Content starts

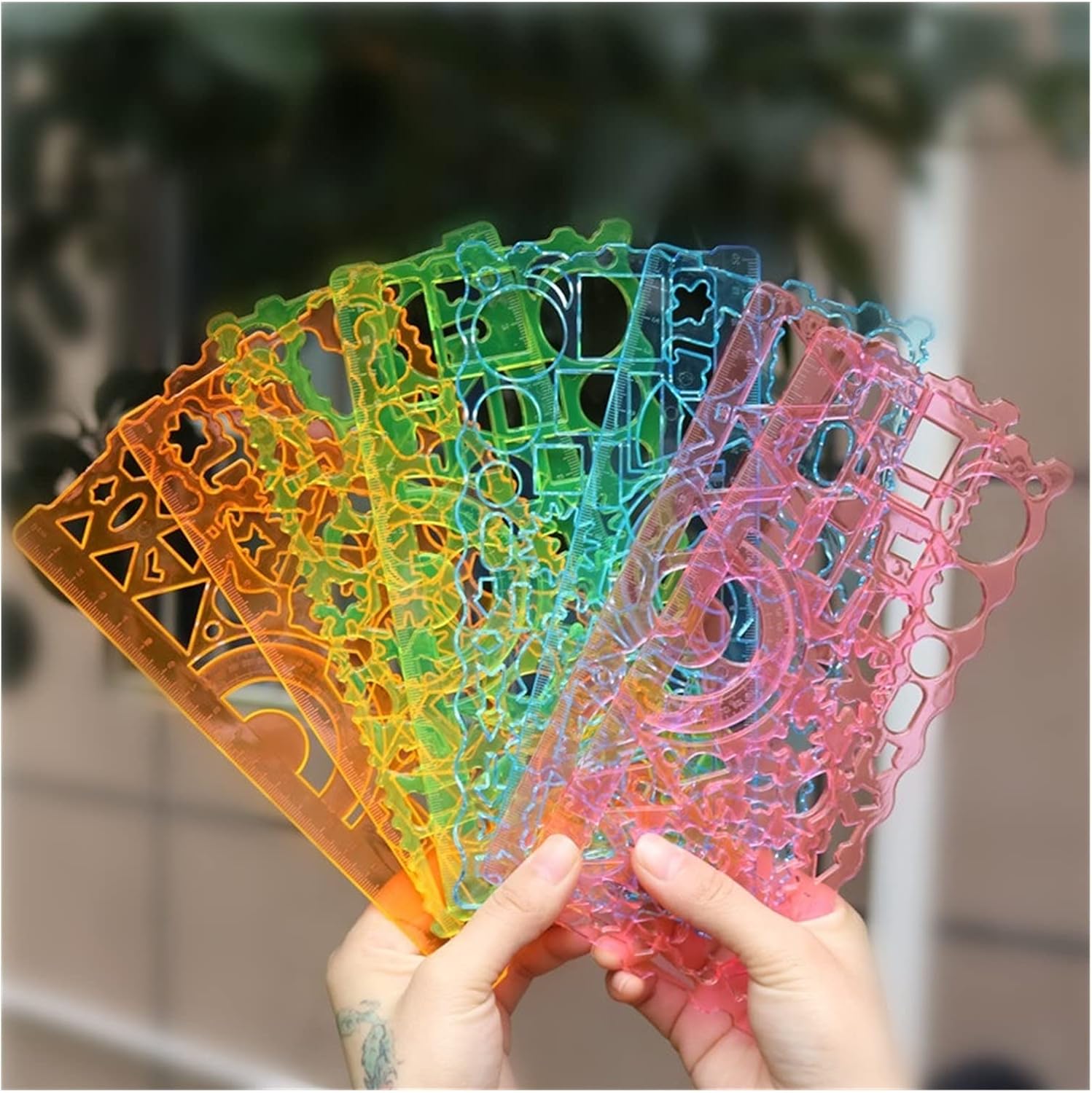 Questo righello impostato multi-funzionale del disegno del righello, il goniometro, le varie forme geometriche e molti tipi di modelli, è un buon aiutante per il disegno dei bambini. Plastica di alta qualità, facile da indossare, chiara. Il design user-friendly è facile da usare e non danneggia le mani.Risparmia tempo e migliora l'efficienza del lavoro. Il design umanizzato, facile da usare, non fa male alle mani. Risparmia tempo e aumenta la produttività. metodo ampiamente utilizzato. Scala chiara, durevole, di alta precisione e flessibile.
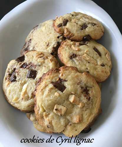 Cookies aux 2 chocolats, recette de Cyril Lignac -ATELIER DE BRIGITTE- Toujours confinés? bin mouai, c'est pas drôle.
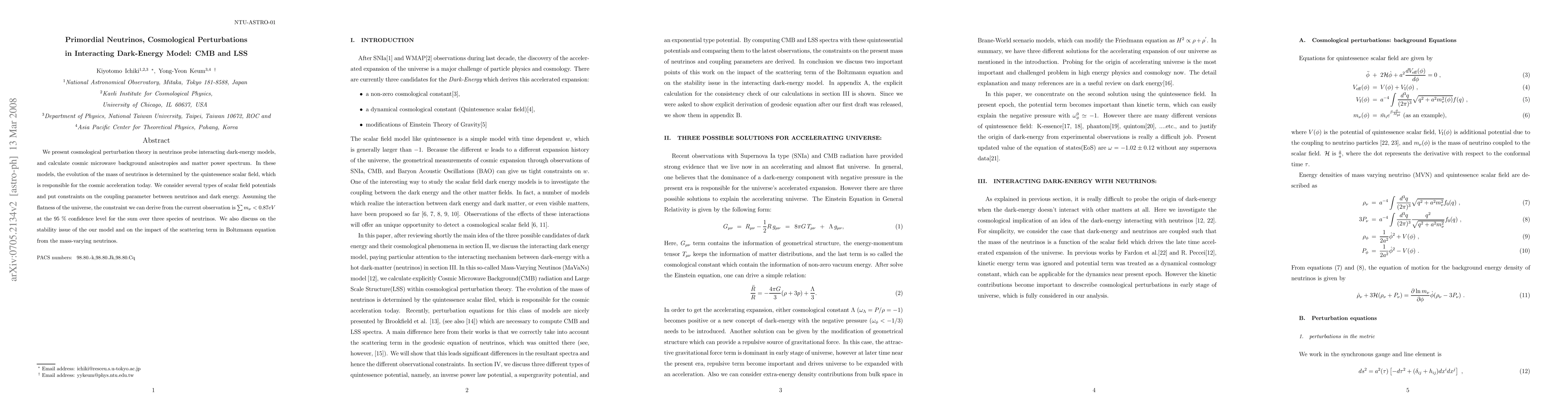 We present cosmological perturbation theory in neutrinos probe interacting dark-energy models, and calculate cosmic microwave background anisotropies and matter power spectrum. In these models, the evolution of the mass of neutrinos is determined by the quintessence scalar field, which is responsible for the cosmic acceleration today. We consider several types of scalar field potentials and put constraints on the coupling parameter between neutrinos and dark energy. Assuming the flatness of the universe, the constraint we can derive from the current observation is $\sum m_{\nu} < 0.87 eV$ at the 95 % confidence level for the sum over three species of neutrinos. We also discuss on the stability issue of the our model and on the impact of the scattering term in Boltzmann equation from the mass-varying neutrinos.
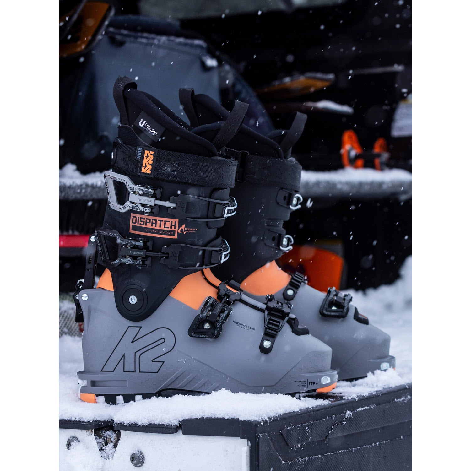 Όταν καλεί η περιπέτεια, η Dispatch απαντά. Αυτή η ολοκαίνουργια, ειδική γυναικεία μπότα σκι turing είναι ο ιδανικός καθημερινός οδηγός για κάθε αποστολή στην ύπαιθρο. Έρχεται με βαθμολογία flex 105 και κατασκευασμένη με τη χυτεύσιμη επένδυση Tourfit με πλήρως θερμότητα, η μπότα Dispatch αξιοποιεί τις σόλες Vibram και το εύρος κίνησης 60 μοιρών λειτουργίας περπατήματος για να δημιουργήσει μια διαισθητική εμπειρία ανηφόρας διατηρώντας παράλληλα την κορυφαία απόδοση στην κατάβαση. Σκιέρ backcountry, γνωρίστε τον νέο σας συνεργάτη αναρρίχησης. K2 Dispatch Alpine Touring Ski Boots, συναντήστε τα πόδια που πρόκειται να σας οδηγήσουν σε νέα ύψη. Μαζί, θα σκαρφαλώσετε βουνά, θα κατεβείτε κομμάτια και θα περάσετε μέσα από παγωμένα ξέφωτα. Για εσάς, σκιέρ, αυτές οι μπότες θα σας προσφέρουν την ελαφριά απόδοση, το φοβερό εύρος κίνησης, τον ισχυρό χειρισμό στην κατηφόρα και την αξιόπιστη λαβή που χρειάζεστε για να στέκεστε σταθερά και να κινείστε σαν σε ράγες οδοντωτού σε παγωμένο έδαφος. Διασκεδάστε μαζί και απολαύστε τη βόλτα.
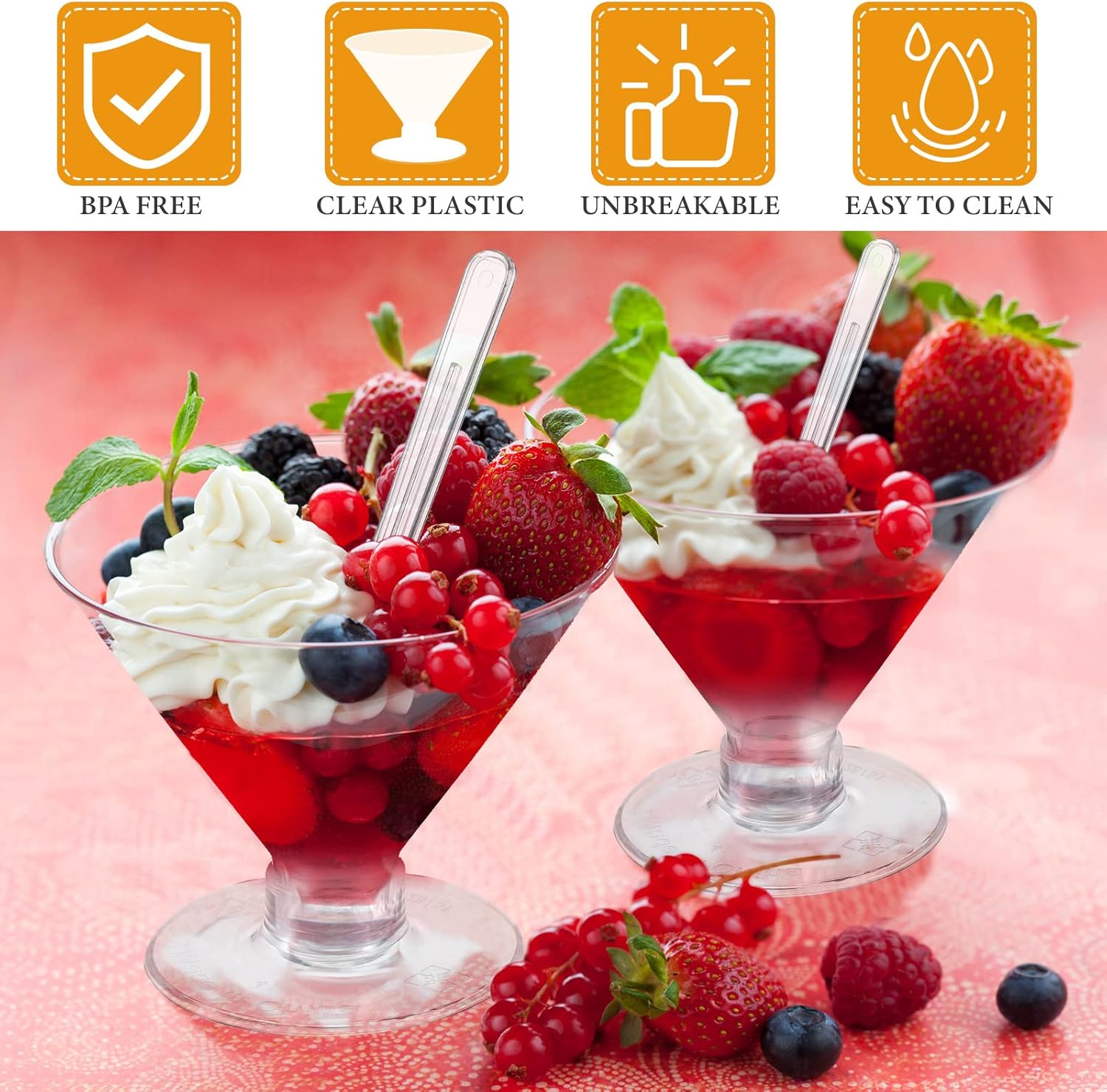 • Applicable Occasions: the parfait glasses plastic are ideal for birthday parties, barbecues, proms, baby showers, weddings, buffet, carnivals and more, and for many outdoor or indoor celebrations, providing you with a convenient and stylish display of desserts at the same time
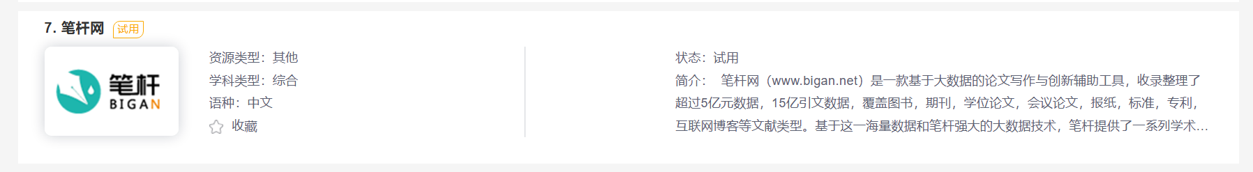 在校园网环境下登录图书馆门户网站(https://lib.sumhs.edu.cn/),在数字资源“更多“中选择中文试用数据库,找到“笔杆网”数据库(https://www.bigan.net/)
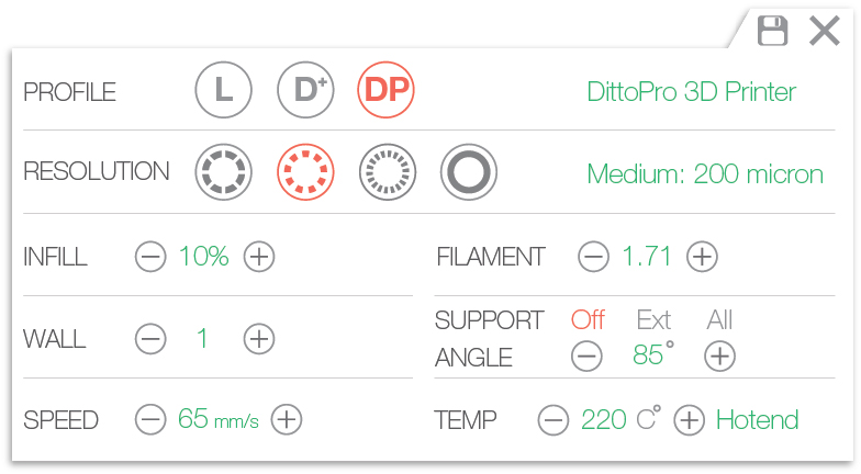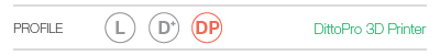 Change printing profiles. “L” for Litto users, “D+” for Ditto+ users, and “DP” for DittoPro users.
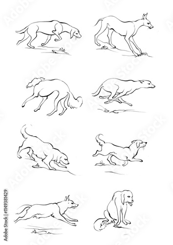 Doodle Cartoon dog illustration set in different poses. Cute sitting, running and lying vector dog isolated on white background
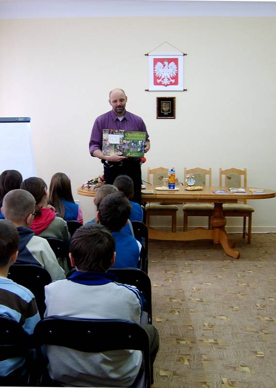 W skarżyskiej bibliotece znany jest głównie wśród młodzieży, dlatego na spotkanie zaprosiliśmy uczniów szkół podstawowych klas (Sz. Podst. Nr 2, 8, 13) IV – V.
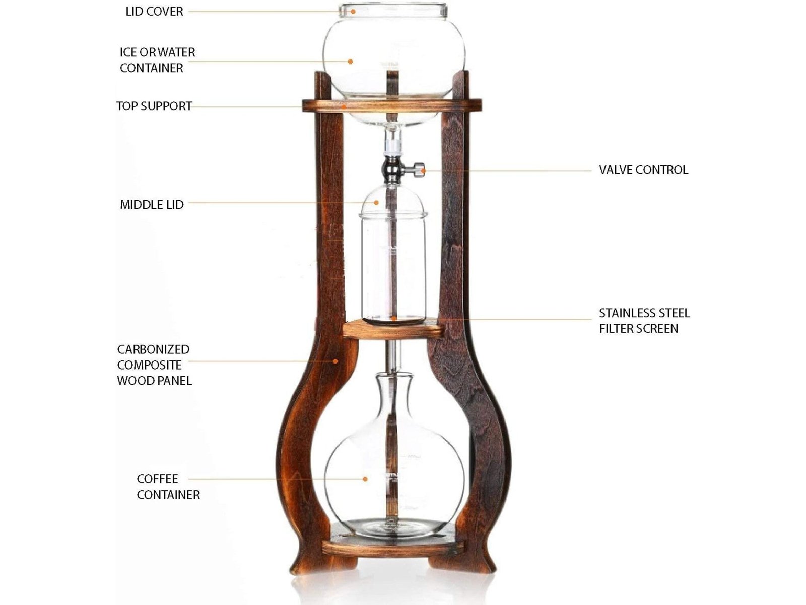 Nispira Retro Iced Cold Brew Coffee Maker Wooden Drip Tower 600 ML
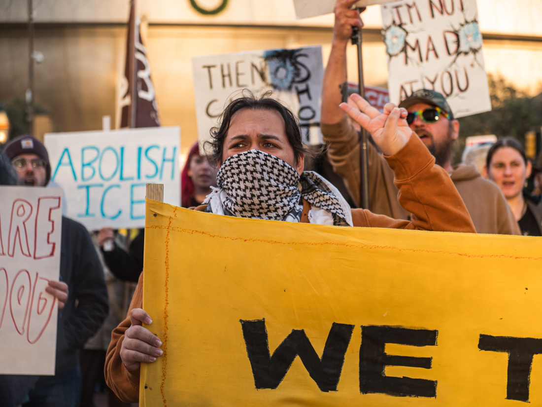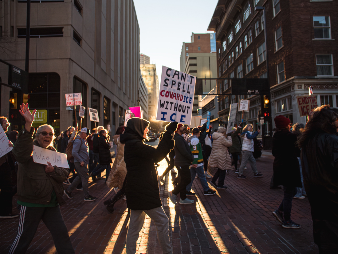 Picket signs calling for ICE to be abolished, demanding justice for Renee Good, and reminding everyone of Donald Trump’s ties to Jeffery Epstein filled Main Street as the crowd provided a steady chant of “Fuck ICE.”

Content ends

• [What this task involves]
Output exactly the span of lines from the top of the listing through the line holding "We present cosmological", and leave every picture out.

• [Result of this task]
 Questo righello impostato multi-funzionale del disegno del righello, il goniometro, le varie forme geometriche e molti tipi di modelli, è un buon aiutante per il disegno dei bambini. Plastica di alta qualità, facile da indossare, chiara. Il design user-friendly è facile da usare e non danneggia le mani.Risparmia tempo e migliora l'efficienza del lavoro. Il design umanizzato, facile da usare, non fa male alle mani. Risparmia tempo e aumenta la produttività. metodo ampiamente utilizzato. Scala chiara, durevole, di alta precisione e flessibile.
 Cookies aux 2 chocolats, recette de Cyril Lignac -ATELIER DE BRIGITTE- Toujours confinés? bin mouai, c'est pas drôle.
 We present cosmological perturbation theory in neutrinos probe interacting dark-energy models, and calculate cosmic microwave background anisotropies and matter power spectrum. In these models, the evolution of the mass of neutrinos is determined by the quintessence scalar field, which is responsible for the cosmic acceleration today. We consider several types of scalar field potentials and put constraints on the coupling parameter between neutrinos and dark energy. Assuming the flatness of the universe, the constraint we can derive from the current observation is $\sum m_{\nu} < 0.87 eV$ at the 95 % confidence level for the sum over three species of neutrinos. We also discuss on the stability issue of the our model and on the impact of the scattering term in Boltzmann equation from the mass-varying neutrinos.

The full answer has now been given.